*** GIVEN DATA

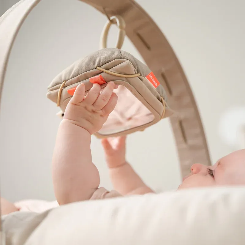 Our baby contrast card holder introduces your baby to visual exploration. The card holder is suitable from birth, fostering newborns' sight development. This customizable frame allows personalisation by adding your own picture or drawing. Included features, like a mirror and two double-sided cardboard cards, provide varied visual stimulation.
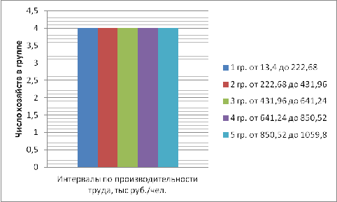 что в каждую группу вошло по 4 хозяйства. Согласно расчетам, полученным в
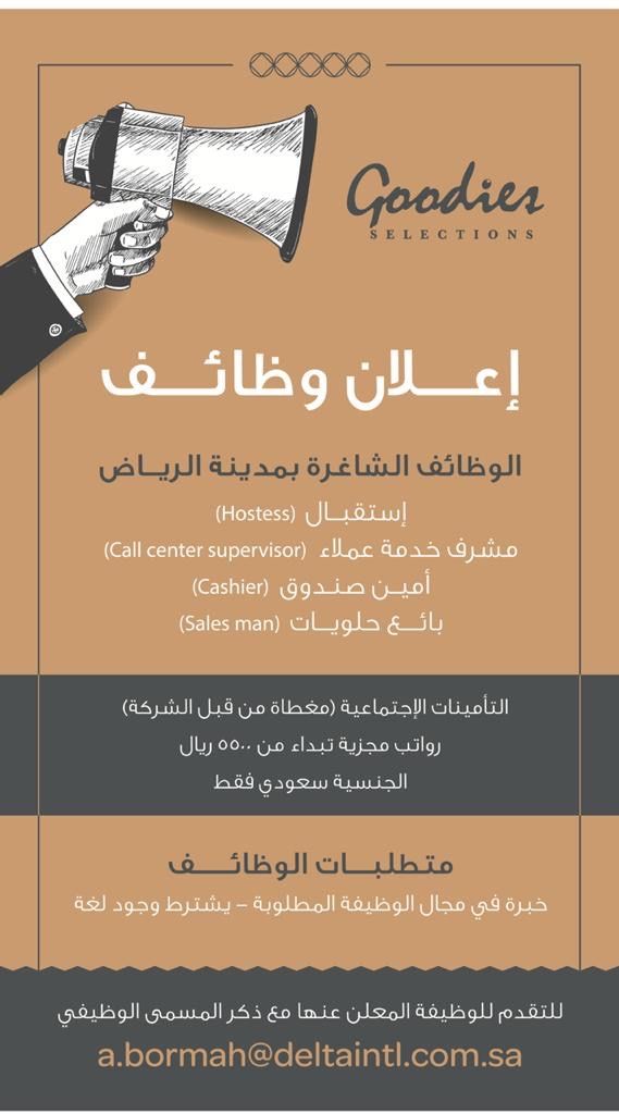 توفر وظائف إدارية شاغرة لحملة الثانوية، فما فوق للعمل بمدينة الرياض، مع ملاحظة أن التقديم متاح للسعوديين فقط، وفقاً للتفاصيل التالية:

******

_REQUIRED ACTION:_
What you hand back should match the listing exactly, except that no pictures appear.

_REPLY TO THE TASK:_
 Our baby contrast card holder introduces your baby to visual exploration. The card holder is suitable from birth, fostering newborns' sight development. This customizable frame allows personalisation by adding your own picture or drawing. Included features, like a mirror and two double-sided cardboard cards, provide varied visual stimulation.
 что в каждую группу вошло по 4 хозяйства. Согласно расчетам, полученным в
 توفر وظائف إدارية شاغرة لحملة الثانوية، فما فوق للعمل بمدينة الرياض، مع ملاحظة أن التقديم متاح للسعوديين فقط، وفقاً للتفاصيل التالية:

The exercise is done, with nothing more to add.